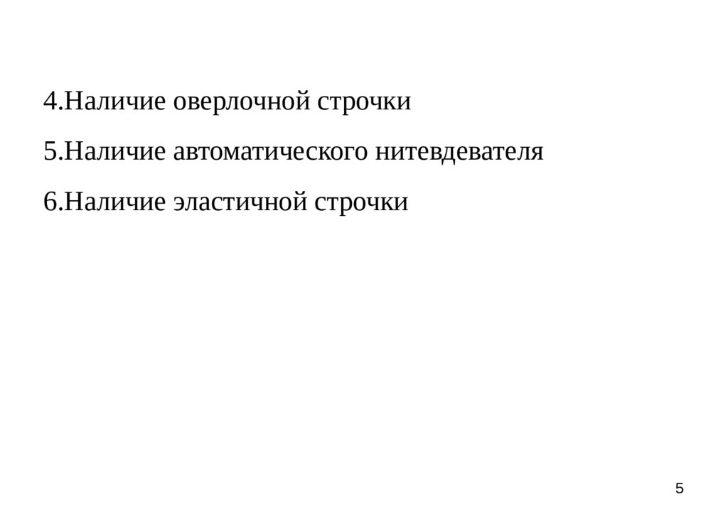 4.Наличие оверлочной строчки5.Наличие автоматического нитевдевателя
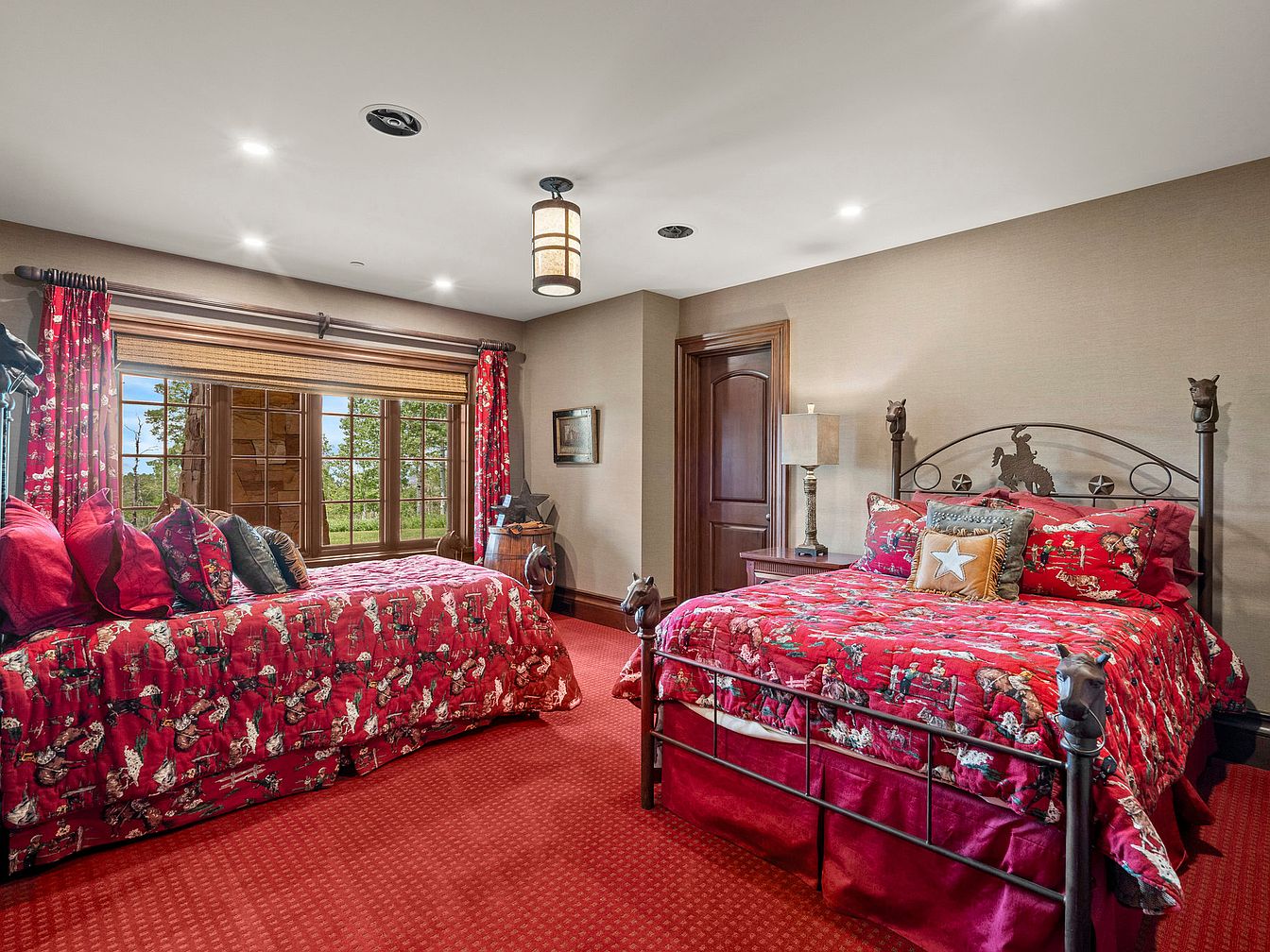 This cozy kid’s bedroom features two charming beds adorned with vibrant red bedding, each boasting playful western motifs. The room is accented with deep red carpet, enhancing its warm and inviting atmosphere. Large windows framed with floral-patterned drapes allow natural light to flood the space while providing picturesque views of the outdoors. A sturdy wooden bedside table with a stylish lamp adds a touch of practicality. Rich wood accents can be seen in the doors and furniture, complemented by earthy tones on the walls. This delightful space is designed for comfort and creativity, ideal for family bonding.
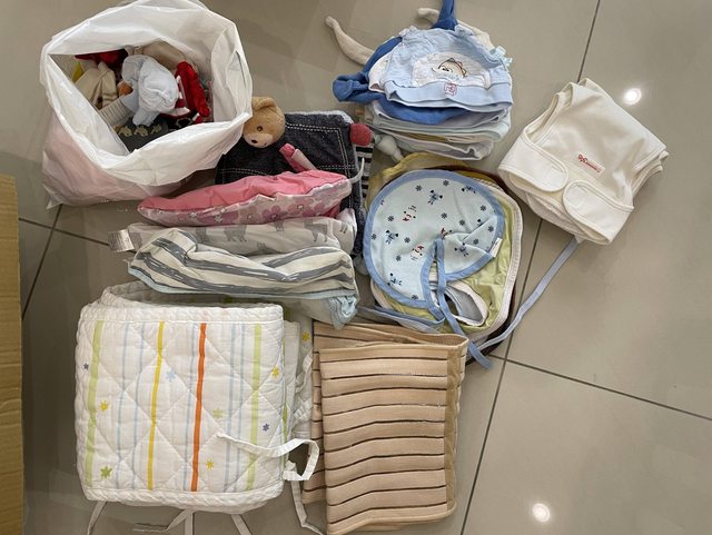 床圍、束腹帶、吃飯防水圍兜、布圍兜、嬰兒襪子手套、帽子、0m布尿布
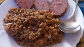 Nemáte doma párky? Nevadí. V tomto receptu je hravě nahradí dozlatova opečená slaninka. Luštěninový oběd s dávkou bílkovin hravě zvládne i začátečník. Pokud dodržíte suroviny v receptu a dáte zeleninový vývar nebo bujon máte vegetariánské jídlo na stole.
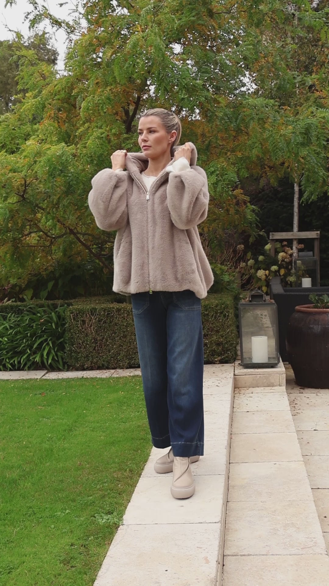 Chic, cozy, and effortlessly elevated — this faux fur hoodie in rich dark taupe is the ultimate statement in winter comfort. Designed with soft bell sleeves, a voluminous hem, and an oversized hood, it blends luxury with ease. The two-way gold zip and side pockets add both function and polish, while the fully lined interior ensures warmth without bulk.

---

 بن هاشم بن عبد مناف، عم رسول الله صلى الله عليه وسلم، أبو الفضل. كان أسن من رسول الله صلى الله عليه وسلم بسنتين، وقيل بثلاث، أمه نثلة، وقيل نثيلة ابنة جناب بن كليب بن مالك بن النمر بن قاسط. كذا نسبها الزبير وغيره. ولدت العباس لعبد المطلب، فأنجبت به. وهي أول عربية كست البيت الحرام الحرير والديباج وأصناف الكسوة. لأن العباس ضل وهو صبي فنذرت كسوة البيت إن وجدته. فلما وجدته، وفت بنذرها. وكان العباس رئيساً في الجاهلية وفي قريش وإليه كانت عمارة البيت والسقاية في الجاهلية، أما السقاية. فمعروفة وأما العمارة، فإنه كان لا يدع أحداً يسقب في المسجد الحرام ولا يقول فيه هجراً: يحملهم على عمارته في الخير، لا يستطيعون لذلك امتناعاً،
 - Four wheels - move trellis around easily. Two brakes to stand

...

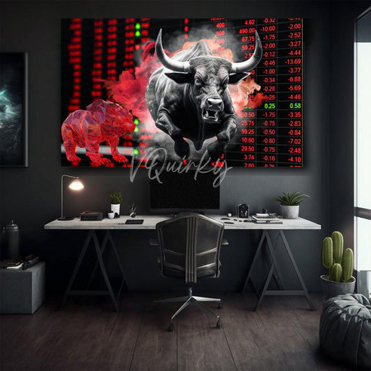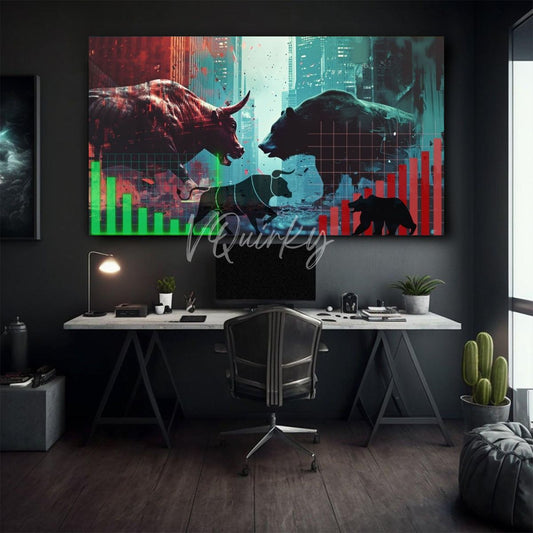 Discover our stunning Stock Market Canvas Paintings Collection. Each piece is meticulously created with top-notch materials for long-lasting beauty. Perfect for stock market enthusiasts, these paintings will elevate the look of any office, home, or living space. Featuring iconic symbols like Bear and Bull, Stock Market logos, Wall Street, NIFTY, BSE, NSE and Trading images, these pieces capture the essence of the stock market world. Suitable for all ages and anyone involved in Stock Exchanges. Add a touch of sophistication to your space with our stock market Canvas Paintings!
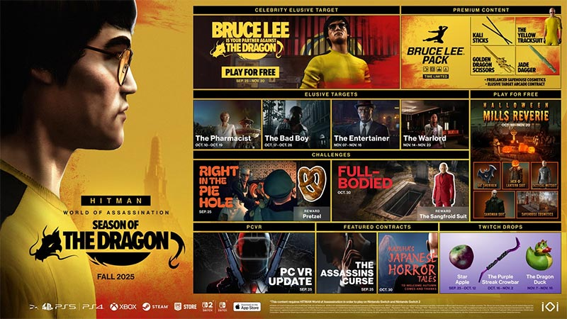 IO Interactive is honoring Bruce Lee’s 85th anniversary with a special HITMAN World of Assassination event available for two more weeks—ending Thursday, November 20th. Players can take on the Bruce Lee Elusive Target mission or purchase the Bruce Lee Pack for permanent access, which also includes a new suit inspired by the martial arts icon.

=== What you are asked to do ===
Copy only what runs above from the line containing "Discover our stunning" through the line containing "IO Interactive is", exactly. Leave out the pictures.

=== Task response ===
 Discover our stunning Stock Market Canvas Paintings Collection. Each piece is meticulously created with top-notch materials for long-lasting beauty. Perfect for stock market enthusiasts, these paintings will elevate the look of any office, home, or living space. Featuring iconic symbols like Bear and Bull, Stock Market logos, Wall Street, NIFTY, BSE, NSE and Trading images, these pieces capture the essence of the stock market world. Suitable for all ages and anyone involved in Stock Exchanges. Add a touch of sophistication to your space with our stock market Canvas Paintings!
 IO Interactive is honoring Bruce Lee’s 85th anniversary with a special HITMAN World of Assassination event available for two more weeks—ending Thursday, November 20th. Players can take on the Bruce Lee Elusive Target mission or purchase the Bruce Lee Pack for permanent access, which also includes a new suit inspired by the martial arts icon.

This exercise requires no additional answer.